▶ TASK OBJECTIVE
Only one stretch of the data below is wanted: the lines from the one with "이날 후반 43분까지" through the one with "2日目、ヤナギランの咲く登山道を歩く。 |", repeated exactly.

++++ ENTRIES PROVIDED

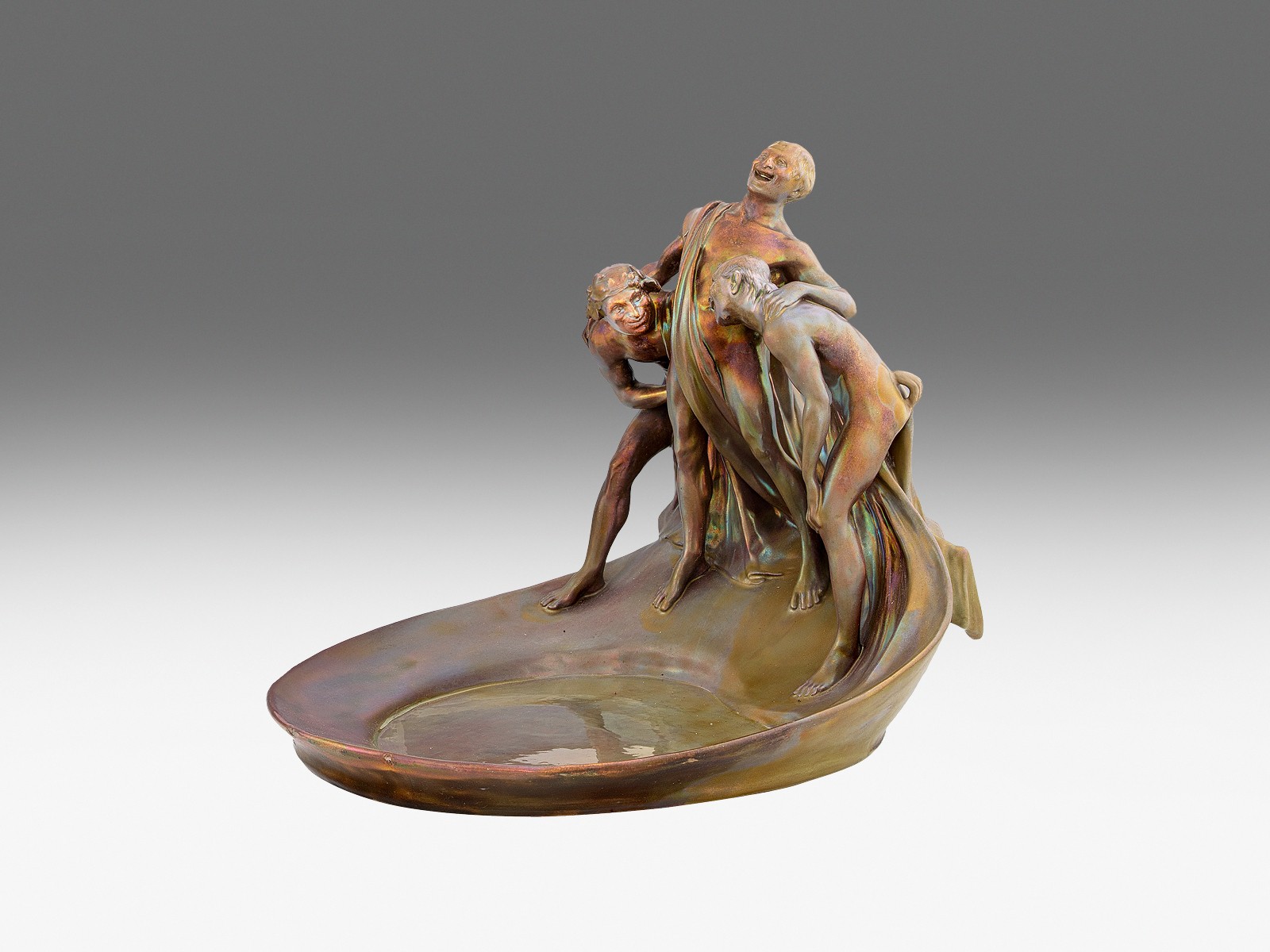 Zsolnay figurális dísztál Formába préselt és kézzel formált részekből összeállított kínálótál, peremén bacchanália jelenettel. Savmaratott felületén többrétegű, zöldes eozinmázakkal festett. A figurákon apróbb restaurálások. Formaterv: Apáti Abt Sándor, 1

++++++++
++++ ENTRIES PROVIDED

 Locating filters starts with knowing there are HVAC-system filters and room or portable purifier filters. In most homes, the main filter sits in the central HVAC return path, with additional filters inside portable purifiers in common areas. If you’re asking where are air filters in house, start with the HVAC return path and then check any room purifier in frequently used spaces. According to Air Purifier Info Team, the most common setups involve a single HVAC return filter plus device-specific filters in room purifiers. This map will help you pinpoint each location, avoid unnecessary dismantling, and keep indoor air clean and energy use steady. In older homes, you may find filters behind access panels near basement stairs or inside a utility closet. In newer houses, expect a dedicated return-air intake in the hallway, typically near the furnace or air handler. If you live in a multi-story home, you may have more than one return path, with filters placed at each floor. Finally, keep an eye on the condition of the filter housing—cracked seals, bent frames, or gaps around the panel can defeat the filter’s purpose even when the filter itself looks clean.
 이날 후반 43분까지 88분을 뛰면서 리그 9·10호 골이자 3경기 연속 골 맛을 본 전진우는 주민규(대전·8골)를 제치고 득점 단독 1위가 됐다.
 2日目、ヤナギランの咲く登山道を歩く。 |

++++++++

▶ OUTPUT FOR THIS EXERCISE
 이날 후반 43분까지 88분을 뛰면서 리그 9·10호 골이자 3경기 연속 골 맛을 본 전진우는 주민규(대전·8골)를 제치고 득점 단독 1위가 됐다.
 2日目、ヤナギランの咲く登山道を歩く。 |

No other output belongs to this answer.